Berlin, première moitié des années 70. L’ancienne capitale du IIIe Reich est alors le théâtre d’une véritable effervescence artistique. Berceau du rock planant allemand, la ville ne compte plus les musiciens talentueux, épris de liberté qui estiment que la musique ne doit pas forcément être inféodé aux canons anglo-saxons en vogue qu’elle attire. Le centre névralgique de ce bouillonnement est le Beat Studio de Thomas Kessler. Edgar Froese, Klaus Schulze ou Manuel Göttsching s’y croisent régulièrement. Les collaborations naissent, parfois éphémères, d’autres plus durables.

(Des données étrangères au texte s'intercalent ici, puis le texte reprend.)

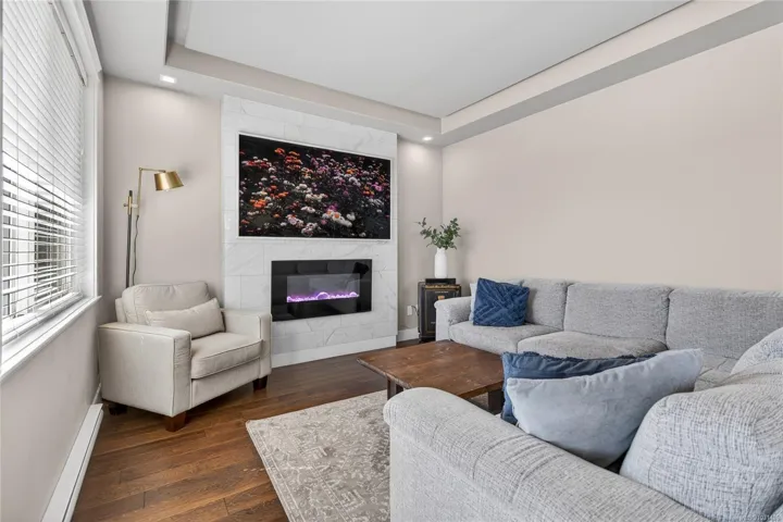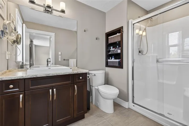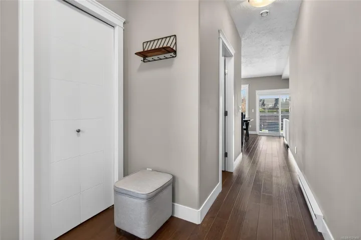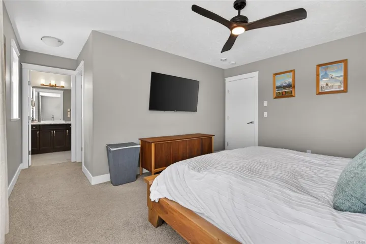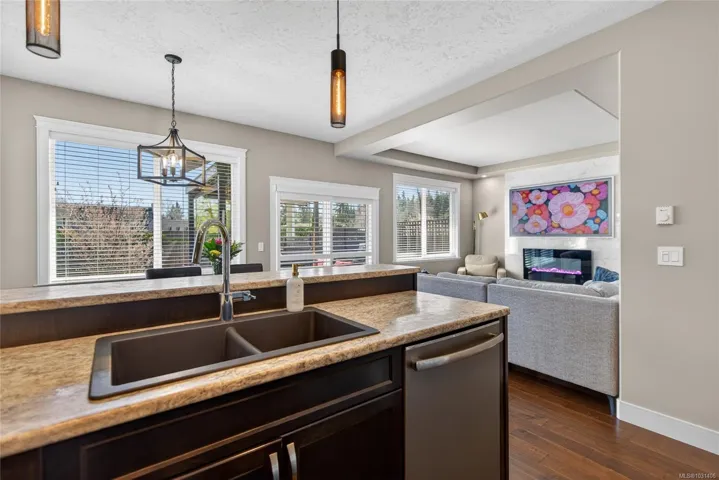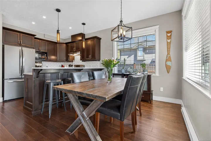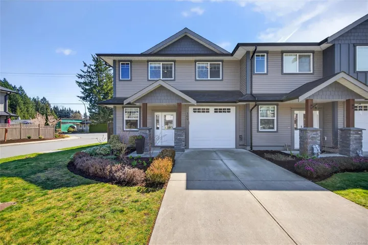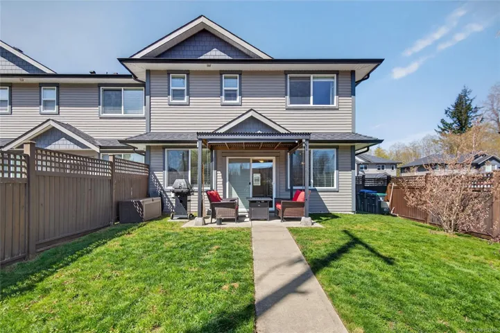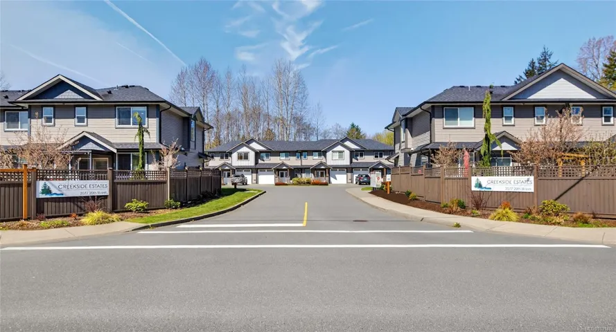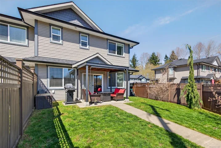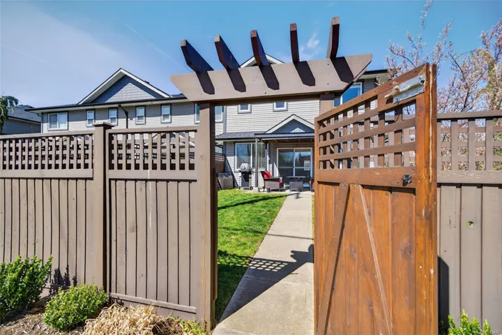Creekside Estates! This charming end unit townhouse offers 3 bedrooms and 2.5 bathrooms, a completely fenced yard, single garage and an extra long driveway. The main level of this home boasts 9ft ceilings, engineered hardwood floors, an inviting eat-in kitchen, custom sliding door shutters, and an electric fireplace with a modern porcelain surround. Back yard is south facing, fully fenced with 2 gates, and has a large patio and gazebo for all season use. Upstairs has an oversized primary bedroom with ensuite, a generous walk-in closet, and has two additional bedrooms and a bathroom that provides ample space for everyone. Convenient laundry upstairs adds to the practicality of this home. Enjoy flexibility with a rental, pet friendly strata, with all ages welcome.

En 1976, Göttsching tient seul la barre de son Ash Ra Tempel, groupe qui était né de sa rencontre avec Schulze quelques années plus tôt mais que le claviériste quitta rapidement (pour y revenir par la suite à de nombreuses reprises, mais cela est une autre histoire). Il vient d’enregistrer son septième opus, New Age Of Earth et souhaite partir sur les routes pour le défendre. Pour cela, il s’enferme dans un studio afin de répéter avec Michael Hoenig, qui a traîné son talent au sein de Agitation Free et a déjà secondé son ami Klaus et Tangerine Dream, pour qu’il l’accompagne aux synthétiseurs.
Ces séances enregistrées durant l’automne 76, unique témoignage d’une union avortée, longtemps demeurées inédites, ont finalement été exhumées en 1995. Early Water est donc à prendre pour ce qu’il est: le fruit d’intenses répétitions et non pas une vraie création à proprement parlée, élaborée et construite. Cet opus n’est composé que d’une seule piste instrumentale (est-il besoin de le préciser ?), longue de près de 50 minutes, qui déroule un tapis planant, aérien, de mélodies électroniques.
Dans l’esprit de ce que crée alors Klaus Schulze, et notamment les albums Timewind (1975) et Moondawn (1976) auquel Göttsching a participé sans que sa contribution ne soit malheureusement conservée au mixage final, en plus accessible toutefois, cette plage hypnotique est une lente progression, un crescendo vers l’infini permettant aux deux musiciens de se répondre durant un dialogue qui s’affranchit des barrières, des frontières. D’abord guidé par des couches de synthétiseurs, par une prolifération de sons tricotés par le tandem, la guitare stratosphérique de Manuel s’immisce peu à peu dans ce paysage emprunt de sérénité. Elle ondule, glisse, se mêlent aux effluves électroniques et finit par emplir tout l’espace sonore tandis qu’elle s’envole vers des sphères vierges de toute présence humaine car elles sont du domaine du Divin.
Que dire de plus si ce n’est que l’on tient avec Early Water l’un des chefs-d’œuvre du rock planant allemand des années 70 et qu’il aurait été donc dommage que ces bandes magiques, touchées par la Grâce, continuent de prendre la poussière sur des étagères. On ne remerciera jamais suffisamment Manuel Göttsching pour cela.